START Data listing

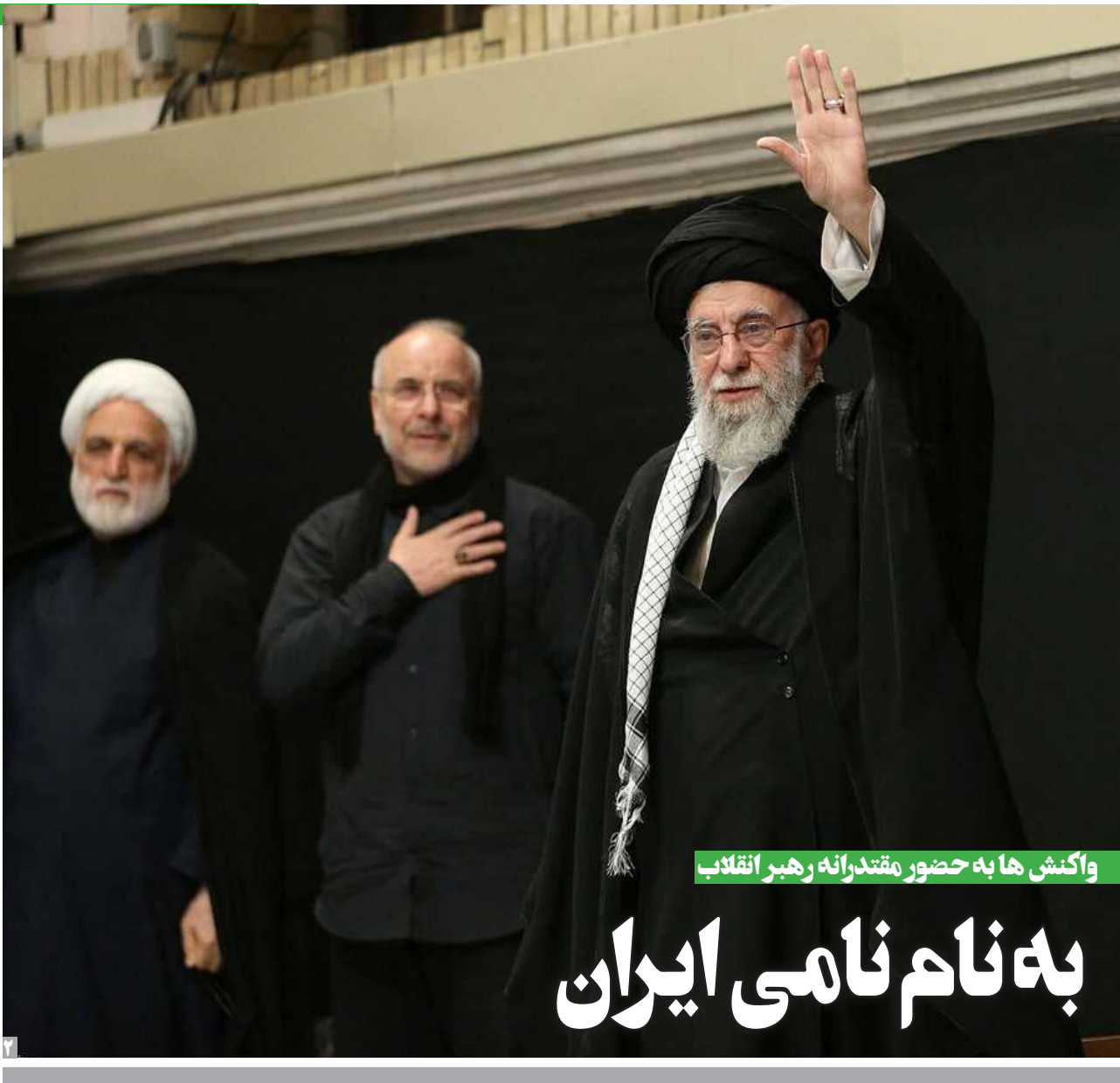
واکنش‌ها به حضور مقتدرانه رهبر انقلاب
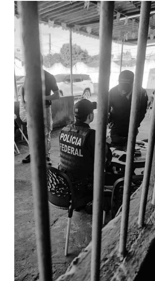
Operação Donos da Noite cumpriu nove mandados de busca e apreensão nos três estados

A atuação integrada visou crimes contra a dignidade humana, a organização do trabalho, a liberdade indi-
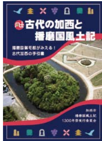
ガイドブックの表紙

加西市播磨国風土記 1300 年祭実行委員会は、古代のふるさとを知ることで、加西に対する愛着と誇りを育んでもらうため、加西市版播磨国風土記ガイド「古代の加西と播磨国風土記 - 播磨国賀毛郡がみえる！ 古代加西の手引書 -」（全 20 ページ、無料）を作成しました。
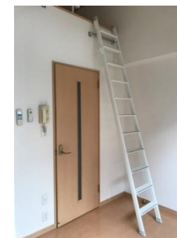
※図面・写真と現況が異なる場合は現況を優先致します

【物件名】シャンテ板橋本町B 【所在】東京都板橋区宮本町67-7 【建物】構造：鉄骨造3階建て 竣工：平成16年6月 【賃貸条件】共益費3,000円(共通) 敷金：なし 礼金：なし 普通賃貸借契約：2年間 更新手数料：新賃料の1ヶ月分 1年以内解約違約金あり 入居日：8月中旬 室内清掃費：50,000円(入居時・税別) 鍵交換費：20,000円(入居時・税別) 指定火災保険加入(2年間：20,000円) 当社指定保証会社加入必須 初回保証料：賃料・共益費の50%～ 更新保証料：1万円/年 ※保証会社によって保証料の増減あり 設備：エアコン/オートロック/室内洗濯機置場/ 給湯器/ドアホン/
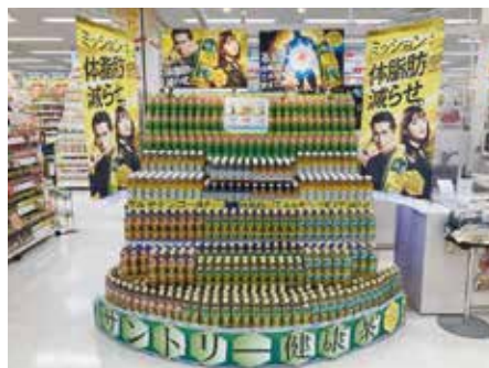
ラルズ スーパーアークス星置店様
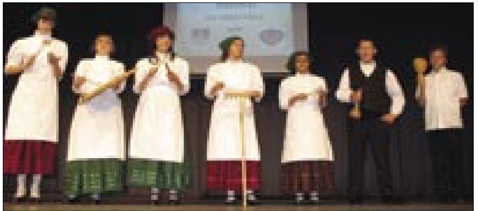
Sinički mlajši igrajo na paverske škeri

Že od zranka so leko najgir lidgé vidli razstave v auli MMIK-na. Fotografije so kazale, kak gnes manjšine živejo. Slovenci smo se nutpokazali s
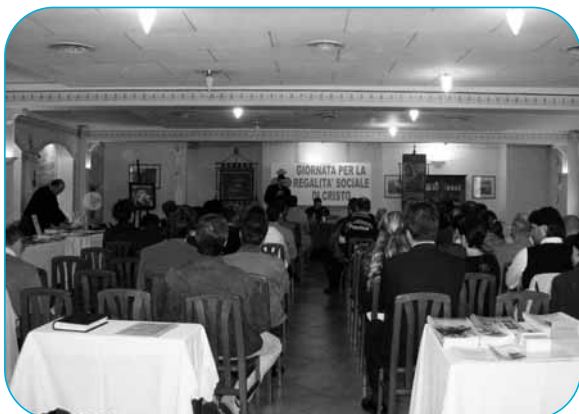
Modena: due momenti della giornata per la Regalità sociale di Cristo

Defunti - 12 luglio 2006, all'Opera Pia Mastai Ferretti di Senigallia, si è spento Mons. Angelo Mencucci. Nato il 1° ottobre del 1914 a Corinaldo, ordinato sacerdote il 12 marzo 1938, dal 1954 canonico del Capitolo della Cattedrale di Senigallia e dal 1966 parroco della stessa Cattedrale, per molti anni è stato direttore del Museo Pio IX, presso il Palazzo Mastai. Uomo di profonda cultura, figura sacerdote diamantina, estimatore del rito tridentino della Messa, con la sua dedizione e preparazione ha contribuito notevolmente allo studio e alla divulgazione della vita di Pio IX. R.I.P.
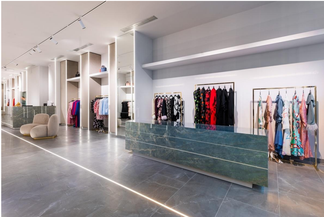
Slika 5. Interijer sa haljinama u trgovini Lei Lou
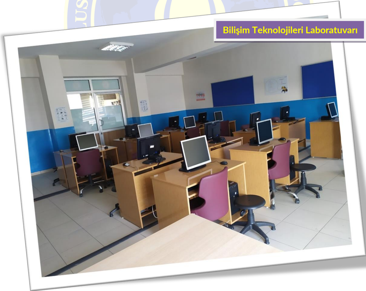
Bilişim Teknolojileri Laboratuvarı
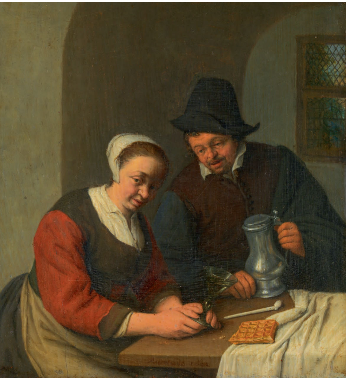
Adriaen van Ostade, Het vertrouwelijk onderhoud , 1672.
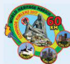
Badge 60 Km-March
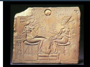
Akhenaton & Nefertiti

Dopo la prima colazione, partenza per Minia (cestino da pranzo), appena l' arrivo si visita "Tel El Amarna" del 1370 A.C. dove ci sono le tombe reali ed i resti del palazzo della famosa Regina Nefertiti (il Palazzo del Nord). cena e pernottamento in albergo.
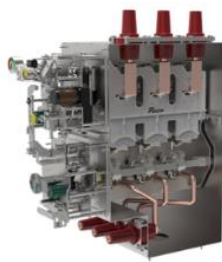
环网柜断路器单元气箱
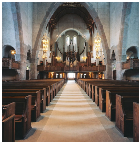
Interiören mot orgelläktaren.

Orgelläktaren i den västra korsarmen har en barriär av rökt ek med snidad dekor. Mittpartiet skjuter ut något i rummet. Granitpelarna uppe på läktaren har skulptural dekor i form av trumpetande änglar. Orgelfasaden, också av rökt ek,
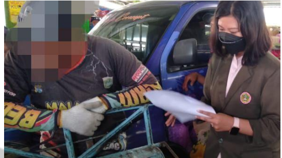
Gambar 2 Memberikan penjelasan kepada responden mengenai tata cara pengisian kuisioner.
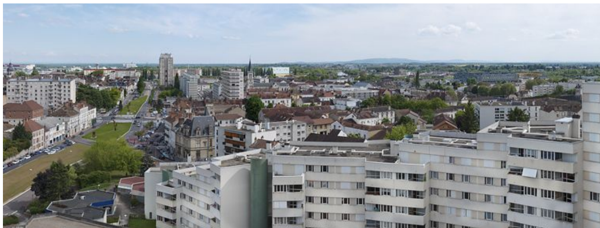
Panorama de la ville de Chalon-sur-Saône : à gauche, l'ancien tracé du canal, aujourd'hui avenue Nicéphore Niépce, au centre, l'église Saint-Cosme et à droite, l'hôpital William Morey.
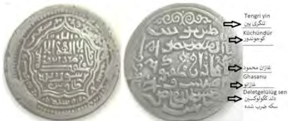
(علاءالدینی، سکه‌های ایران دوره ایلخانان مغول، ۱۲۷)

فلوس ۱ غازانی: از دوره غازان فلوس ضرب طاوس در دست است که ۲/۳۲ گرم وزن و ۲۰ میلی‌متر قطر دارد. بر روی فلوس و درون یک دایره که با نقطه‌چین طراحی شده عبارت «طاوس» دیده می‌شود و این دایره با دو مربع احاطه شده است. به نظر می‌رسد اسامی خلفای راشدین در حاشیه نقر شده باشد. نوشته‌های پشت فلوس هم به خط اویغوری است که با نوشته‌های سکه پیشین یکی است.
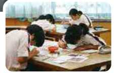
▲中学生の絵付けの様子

END Data listing
START Data listing

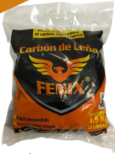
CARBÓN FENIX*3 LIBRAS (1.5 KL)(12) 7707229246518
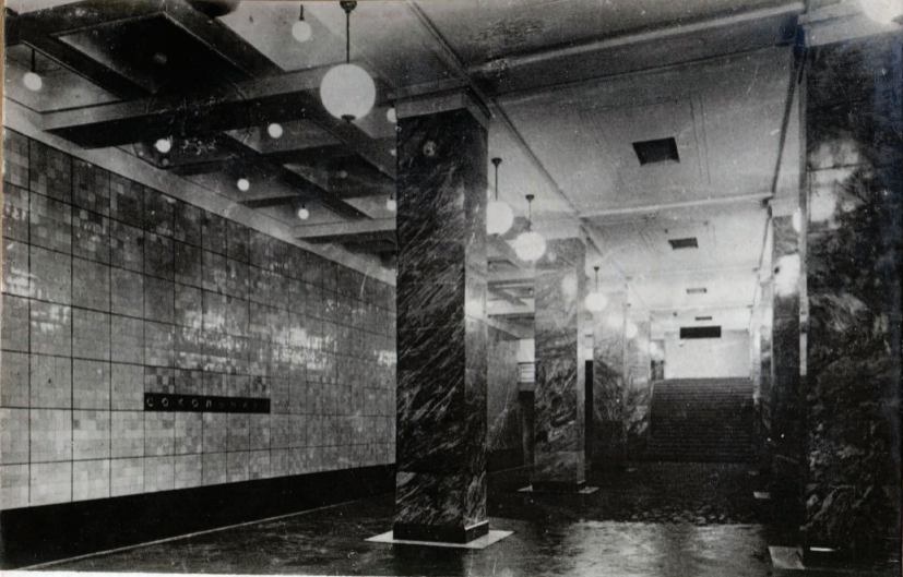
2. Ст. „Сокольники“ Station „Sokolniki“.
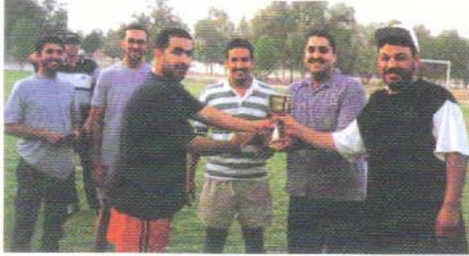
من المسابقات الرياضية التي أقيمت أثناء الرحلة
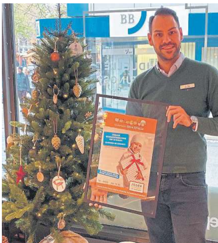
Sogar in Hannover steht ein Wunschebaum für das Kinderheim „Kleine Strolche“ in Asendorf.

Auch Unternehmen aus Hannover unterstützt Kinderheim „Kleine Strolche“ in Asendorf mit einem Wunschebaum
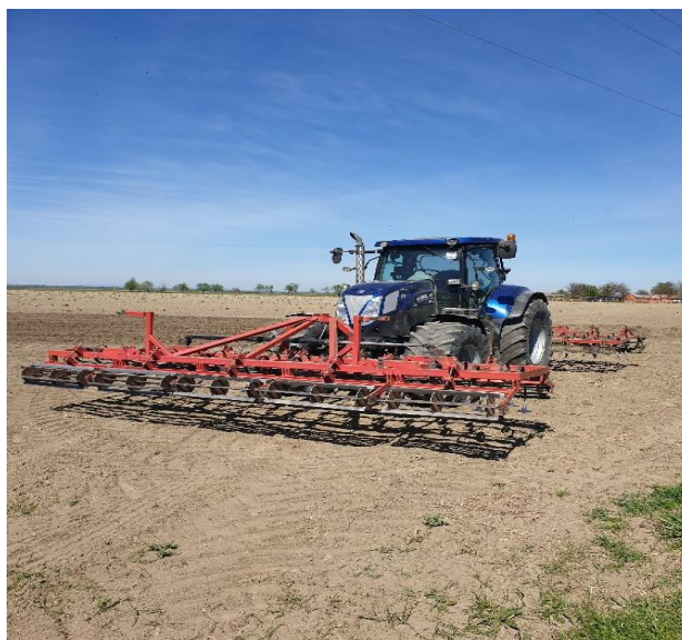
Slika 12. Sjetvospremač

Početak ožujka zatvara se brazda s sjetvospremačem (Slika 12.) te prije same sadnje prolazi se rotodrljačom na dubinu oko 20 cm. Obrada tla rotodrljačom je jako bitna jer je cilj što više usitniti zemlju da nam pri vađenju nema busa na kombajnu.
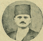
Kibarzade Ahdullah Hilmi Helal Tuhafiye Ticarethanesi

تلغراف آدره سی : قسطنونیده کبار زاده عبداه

END Data listing
START Data listing

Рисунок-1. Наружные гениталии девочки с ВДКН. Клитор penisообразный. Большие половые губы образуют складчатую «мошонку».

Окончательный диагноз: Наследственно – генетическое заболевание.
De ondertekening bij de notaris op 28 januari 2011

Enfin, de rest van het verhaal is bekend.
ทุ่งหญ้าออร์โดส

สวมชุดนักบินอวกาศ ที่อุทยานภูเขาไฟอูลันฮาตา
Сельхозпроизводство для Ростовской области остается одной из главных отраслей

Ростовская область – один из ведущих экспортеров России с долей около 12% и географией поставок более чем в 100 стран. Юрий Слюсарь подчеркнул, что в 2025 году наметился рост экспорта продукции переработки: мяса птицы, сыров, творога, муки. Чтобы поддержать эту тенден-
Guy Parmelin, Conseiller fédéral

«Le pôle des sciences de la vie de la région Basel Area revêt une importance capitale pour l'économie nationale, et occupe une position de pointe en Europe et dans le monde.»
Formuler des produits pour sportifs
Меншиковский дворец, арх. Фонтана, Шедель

END Data listing

** Aim of the exercise **
Would you copy, unchanged, the stretch of the records above that begins at the line containing "Ростовская область –" and ends at the line containing "Меншиковский дворец, арх. Фонтана, Шедель", and only that?

** Result of this exercise **
Ростовская область – один из ведущих экспортеров России с долей около 12% и географией поставок более чем в 100 стран. Юрий Слюсарь подчеркнул, что в 2025 году наметился рост экспорта продукции переработки: мяса птицы, сыров, творога, муки. Чтобы поддержать эту тенден-
Guy Parmelin, Conseiller fédéral

«Le pôle des sciences de la vie de la région Basel Area revêt une importance capitale pour l'économie nationale, et occupe une position de pointe en Europe et dans le monde.»
Formuler des produits pour sportifs
Меншиковский дворец, арх. Фонтана, Шедель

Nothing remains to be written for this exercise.